- Говорил, придут сюда и глотки нам перережут. Им только волю дай, говорил. Курей украдут, суп из них сварят. Поэтому кто-то все время должен быть на часах, ружье из рук не выпускать.
Мальчишка говорил безжизненно, на нас не глядел, невидящие глаза его подернулись пеленой. Видно было, как он дрожал. А когда говорил, у него клацали зубы. По щекам и шее у него расплылись пятна светло-бурого пуха - словно само тело отчаянно пыталось спастись от холода.
- Говорил, на них мы всю блокаду продержимся. Пара яиц в день да карточки - нам хватит. А мы их согреть не могли.
- Да хватит уже про этих клятых кур. Пошли, давай мне руку.
Мальчишка по-прежнему не обращал внимания на Колю, и тот в конце концов поманил меня, чтобы я помог. Но я кое-что заметил - движение там, где никакого движения не полагалось: под шубкой у мальчишки что-то шевельнулось, словно его гигантское сердце забилось так громко, что стало видно.
- Что у тебя? - спросил я.
Мальчишка погладил себя по шубке спереди, словно успокаивая то, что было под ней. Впервые он посмотрел мне в глаза. Хоть он и был слаб, хоть до финиша ему оставались считаные миллиметры, я видел в нем крепость - упрямство, доставшееся по наследству от старика.
- Дед Руслан бы тебя застрелил.
- Да, да, ты уже сказал. Ты одну курицу спас, что ли? Это последняя. - Коля посмотрел на меня. - Сколько яиц курица в день откладывает?
- А я знаю?
- Слушай, малец, я тебе за эту курицу триста рулей дам.
- Нам тыщу предлагали. Дед всегда отказывался. Куры нам всю зиму продержаться помогут - так говорил. А с рублями что делать?
- Еды себе купишь. Курица помрет, как все остальные, если ее тут держать.

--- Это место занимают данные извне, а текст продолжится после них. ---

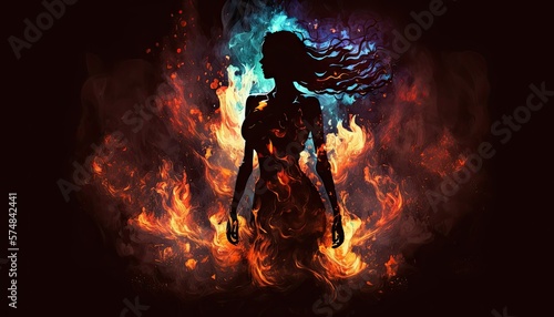 Beautiful woman flame silhouette, elegant and powerful, illustration, background, artistic - generative AI
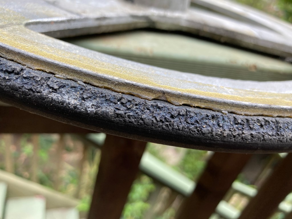 Two images showing a normal drive wheel (top pic) and a badly damaged one.(bottom photo) At the moment a new drive wheel will set you back around $250 plus installation if you choose not to do it yourself. It’s quite easy to do by the way. The main reason I see this sort of damage is because of missing grommets. You should never use a wheel that has missing grommets because it causes misalignment of the aluminum cone on the end of the motor shaft and it can dig into the rubber causing unrepairable damage. The drive wheels last between about 15 -30 years depending on usage and how the wheel is stored. I have seen some old models from the 80’s where the dive wheel is still usable but usually by this stage they start falling apart. The first sign of deterioration is small vertical cracks around the circumference of the wheel. If got to soon enough they can be reconditioned.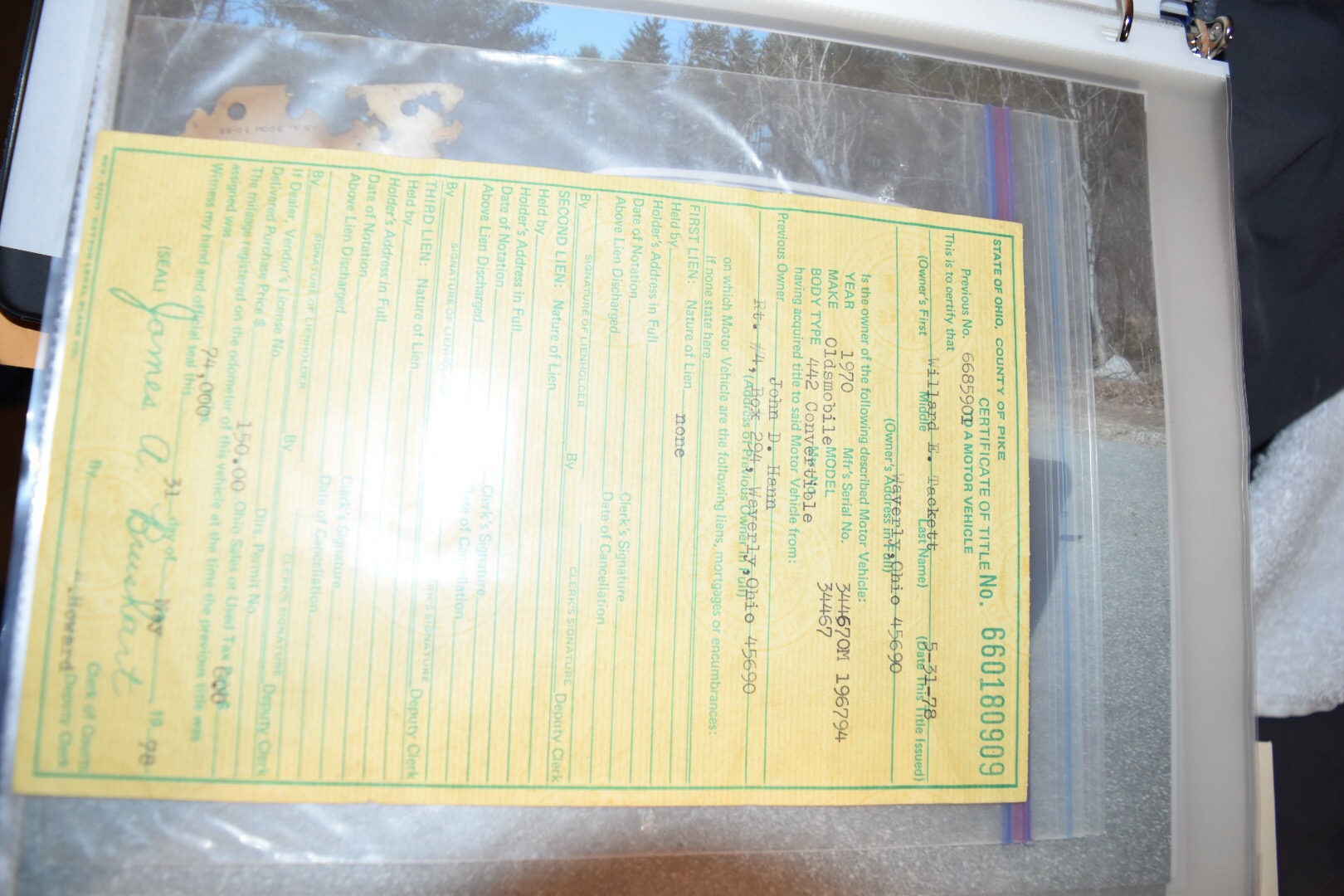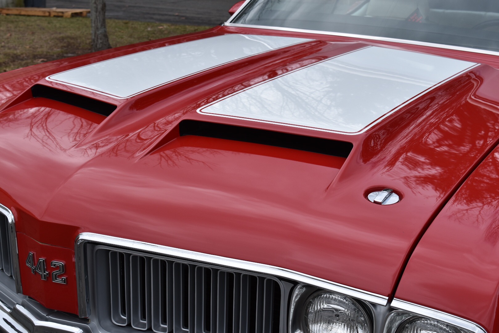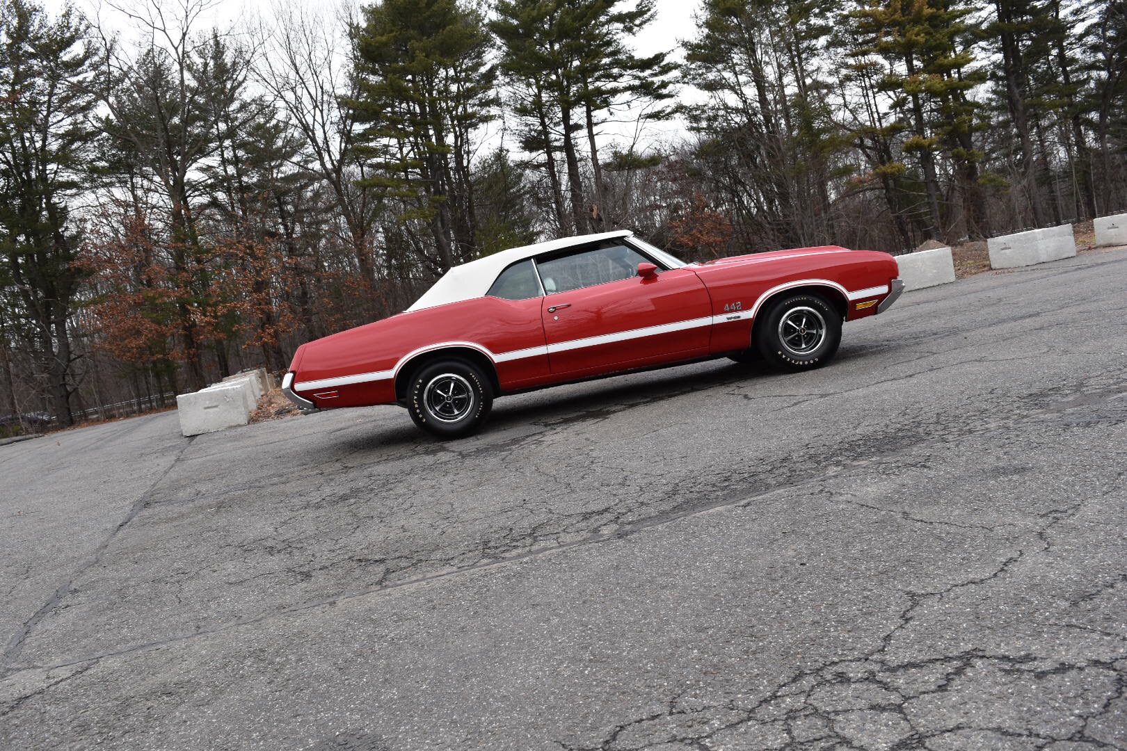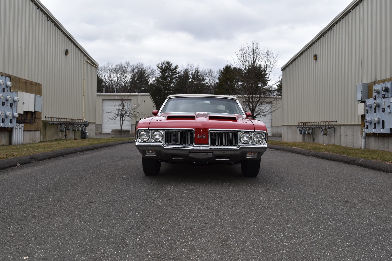 This is a matching-numbers 442 W30 4-speed convertible. This 442 is one of 96 ever built and is equipped with the 1970-only W27 aluminum rear axle. When the previous owner purchased the vehicle, it was a time capsule. It had not been driven since 1978 and it had original paint, original spark plug wires, carburetor, hoses and belts. It is an original 77,000 mile car (mileage not indicated on the ownership documents). The Ohio title to the second owner states 74,000 miles. It is documented with the original title number verifying ownership to the original owner, Window Sticker, pieces of the Build Sheets recovered before restoration took place, some pictures of the car from 1970 and pictures of the car when the previous owner purchased it. The car underwent a frame-off, no-expense-spared, year-long restoration by a 20-year exclusive Oldsmobile restoration shop. This is an outstanding representation of a 442 Olds. It is one of the rarest Oldsmobiles equipped with extremely rare high-performance options.
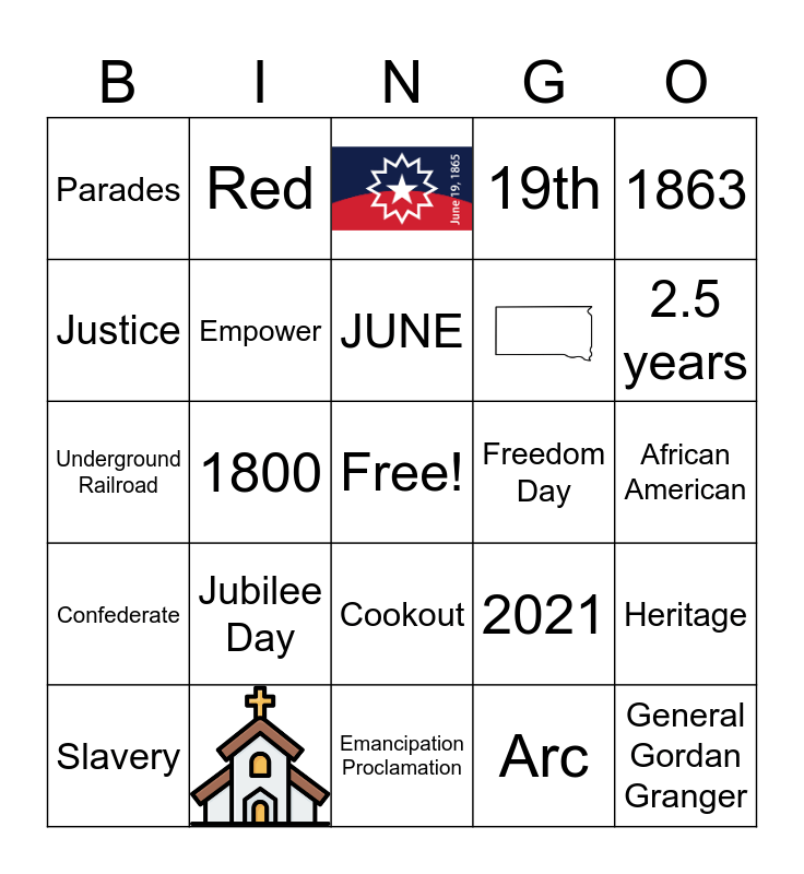 This bingo card has 3 images, a free space and 21 words: Jubilee Day, JUNE, Slavery, 1863, Parades, Justice, Red, Freedom Day, Cookout, Underground Railroad, 2021, Heritage, Empower, Arc, African American, 2.5 years, 1800, General Gordan Granger, Confederate, 19th and Emancipation Proclamation.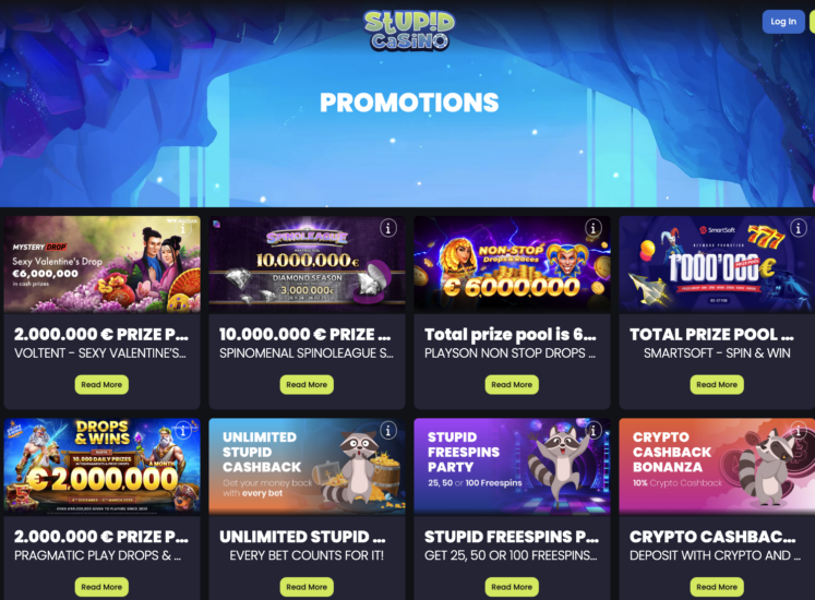 Stupid Casino takes player rewards to the next level with its generous and dynamic bonus program, designed to enhance the overall gaming experience. While specific promotions may evolve over time, players can typically expect an exciting lineup of offers, including lucrative welcome bonuses for newcomers, reload bonuses that keep the thrill going for existing players, and exclusive promotions tied to featured games or seasonal events. These bonuses come with competitive terms, often featuring fair wagering requirements that make them more accessible and rewarding.

Мальчишка покачал головой. Разговоры его утомили, глаза уже закрывались.
- Ладно, а если так? Дай-ка мне. - Коля выхватил у меня из руки "библиотечную карамельку", добавил к ней последний ломтик своей колбасы и триста рублей. Все это положил мальчишке на колени. - У нас больше ничего нет. Теперь послушай меня. Если не будешь шевелиться, ты сегодня здесь умрешь. Тебе нужно поесть и слезть с этой крыши. Мы отведем тебя к девушкам на пятом этаже…
- Они мне не нравятся.
- Тебе ж не жениться на них. Мы им отдадим эти деньги, а они тебя накормят супом. Поживешь у них несколько дней - силы вернутся.
А сил у мальчишки хватило лишь слабо качнуть головой, но смысл был ясен. Он никуда не пойдет.
- Ты здесь птичку защищать останешься? А чем ты ее кормить будешь?
- Я с дедом Русланом буду.
- Пусть уж мертвые тут сами разбираются, а ты пойдешь с нами.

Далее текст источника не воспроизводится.